California’s unused gas‑price law faces criticism as pump prices hit $5.30 per gallon
Governor Gavin Newsom’s 2023 law that lets California cap refinery profits and penalize price‑gouging has never been invoked, even as gasoline prices surged to $5.30 a gallon across the state in early 2026. The delay was cemented when the California Energy Commission voted in August 2025 to postpone the rules for five years, a move now under fresh scrutiny amid a global oil shock tied to the war with Iran. Consumer‑advocacy groups and environmental watchdogs say the state is “lying in wait for a hammer” that could protect drivers, while the oil industry argues the caps would push refiners out of California altogether.

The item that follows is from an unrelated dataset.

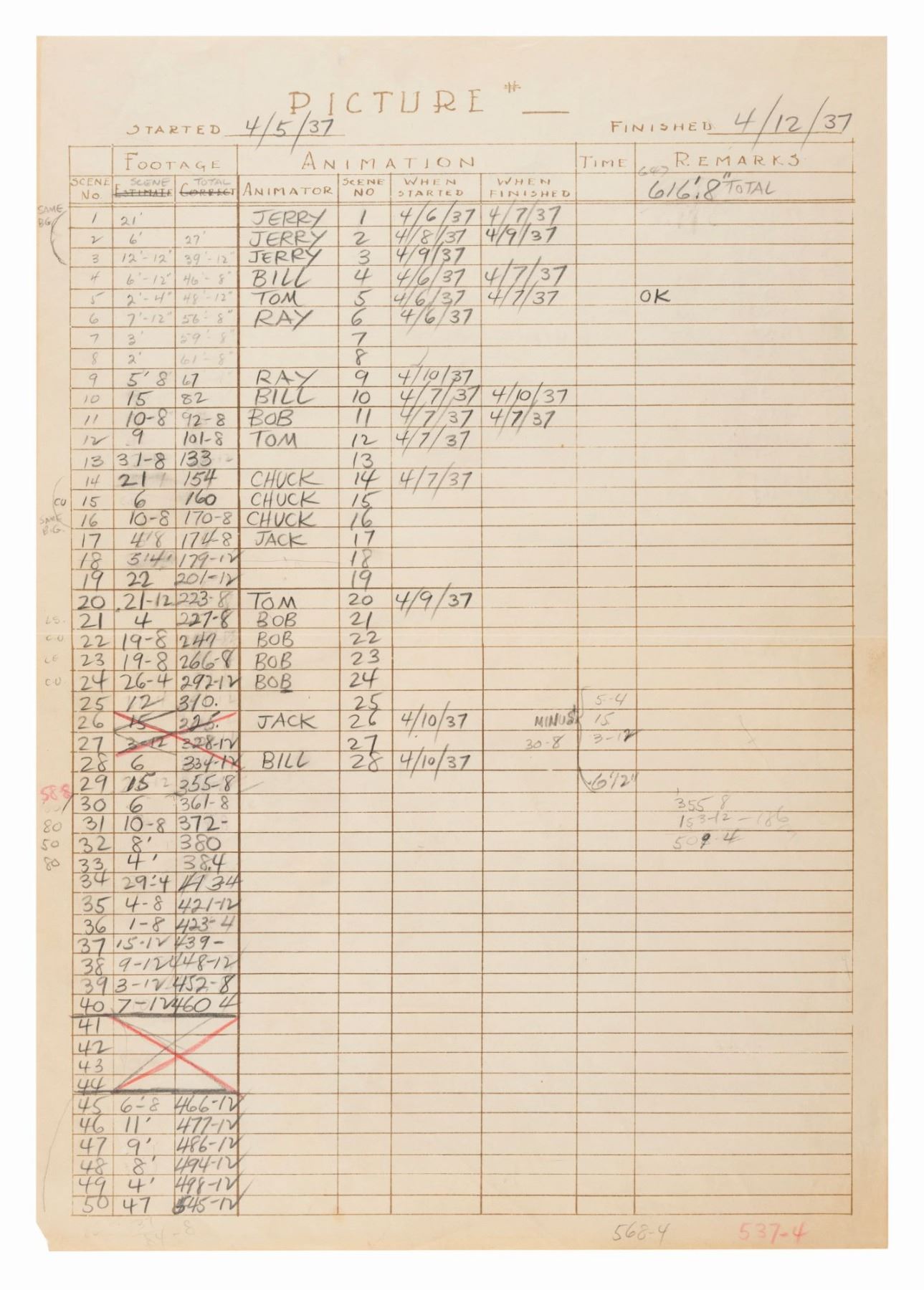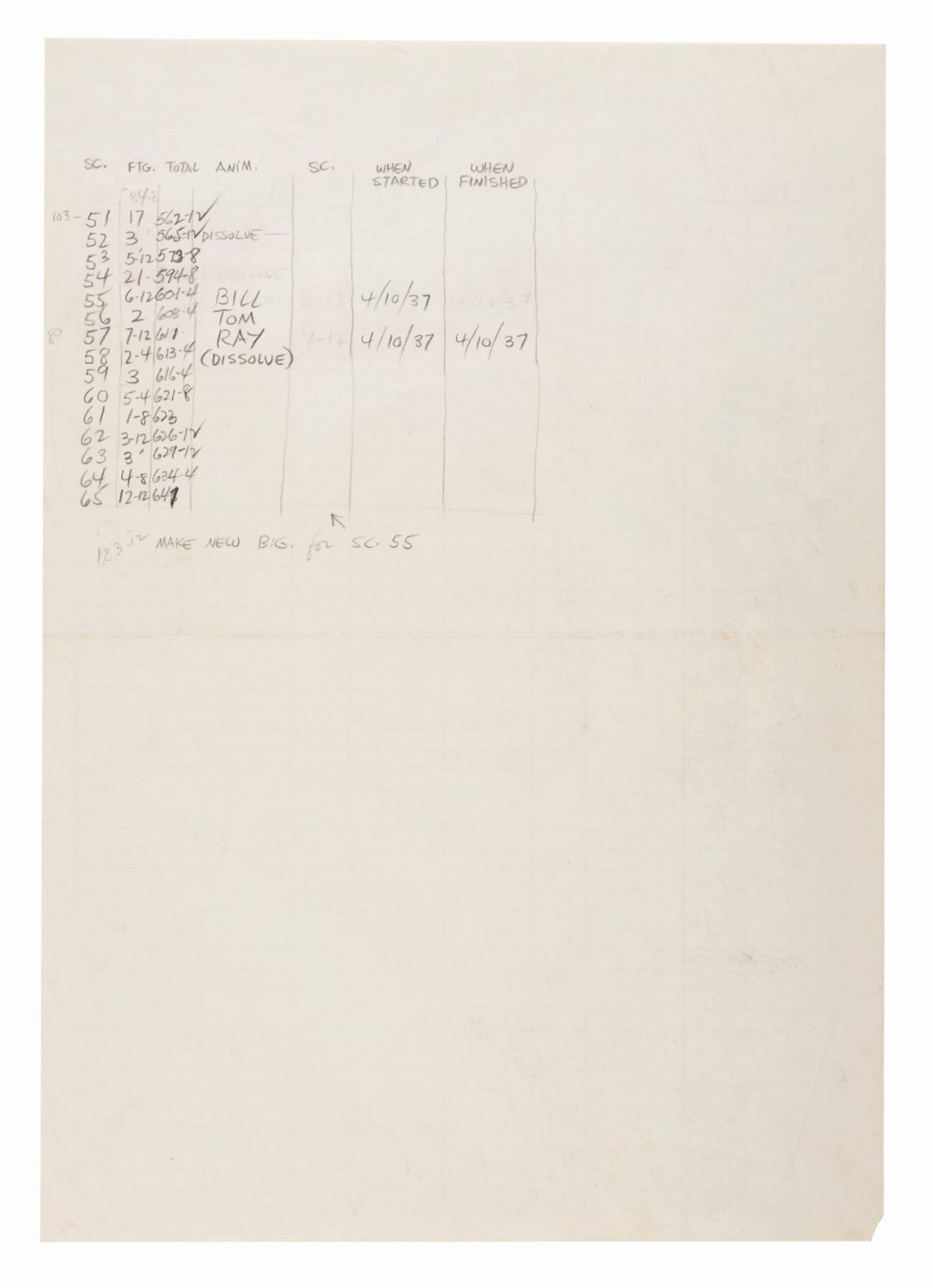 (Schlesinger, 1937) A Studio animation draft for the Looney Tunes short “Porky’s Badtime Story.” The draft details each sequence and scene of the cartoon, identifying lead animators, length of film footage, and other production specifics. This draft marks Bob Clampett’s promotion to a full director after the original supervisor, Ub Iwerks, left mid-production. Measuring 15” x 10.5”, the draft is in good condition with a horizontal fold through the center, edge wear from production use, a small 0.25” rip to the bottom left corner, and light discoloration from age.

The dispute highlights a growing tension in California’s energy transition: regulators must balance immediate consumer protection against longer‑term goals of reducing reliance on a dwindling in‑state refining sector, a challenge that could shape gasoline prices well beyond the current spike.
California’s 2023 legislation gave regulators authority to cap refinery profit margins and impose penalties for price gouging, a power Newsom hailed as a victory over “Big Oil.” Yet the law has remained dormant. In August 2025, the California Energy Commission voted to delay the profit‑cap rules for five years, a decision defended by vice‑chair Siva Gunda as necessary to preserve “investor confidence” and keep refining capacity in‑state.
“These are the moments we need them, because when the price of a commodity goes through the roof—be it crude oil or refined gasoline—those are the times companies make outrageous profits,” said Jamie Court, president of Consumer Watchdog, on the sidelines of a recent hearing.
Oil‑industry lobbyists counter that penalizing margins would drive refiners out, warning that California’s already shrinking refinery base—down about 17 % in recent years—leaves the state vulnerable to global price shocks. “The real problem is California is an energy island—we’re losing 17 % of our refining capacity,” said Zachary Leary of the Western States Petroleum Association.
The timing of the debate coincides with a sharp jump in global crude prices after the war with Iran pushed the benchmark up more than $25 a barrel. UC Berkeley energy economist Severin Borenstein warned that capping margins could backfire, “The last thing we need is to start trying to regulate refinery margins…people really hate gas lines.”
Compounding the supply crunch, major refineries are exiting the state. Phillips 66 shut its Los Angeles plant last year, citing an unsustainable California market, and Valero plans to close its Benicia refinery—responsible for roughly 10 % of the state’s gasoline—in April. Both closures threaten to tighten supplies further and could amplify price spikes when global crude prices rise.
Energy commissioners have also highlighted an unexplained gasoline premium of about 41 cents per gallon between 2015 and 2024, costing drivers an estimated $59 billion, according to a new oversight division. “Californians are at the mercy of a few powerful refiners,” said Kassie Siegel of the Center for Biological Diversity.
State officials argue the profit‑cap tools are not needed, pointing to the global nature of the current spike. “All of the change we’ve seen in the last couple of weeks is in line with the change in crude oil prices, and therefore is not California specific,” Borenstein said. Yet analysts note that with only a handful of refineries left, any disruption—whether from the war, a refinery shutdown, or a logistical bottleneck—will hit California harder than elsewhere.
Ryan Cummings of the Stanford Institute for Economic Policymaking warned that a prolonged closure of the Strait of Hormuz could push crude above $130 per barrel, potentially driving California pump prices toward $7 a gallon in a worst‑case scenario.
Proposals to mitigate the crisis include converting the Benicia site into an import terminal and advancing a Western Gateway pipeline that would bring Midwest gasoline into the state. Lawmakers have also floated expanding access to E85 ethanol blends, but timelines remain unclear.
With the profit‑cap rules still on hold until at least 2029, California’s ability to tinker with gasoline prices may hinge on whether policymakers finally activate the tools that Newsom once promised would protect “hard‑working families” from volatile fuel markets.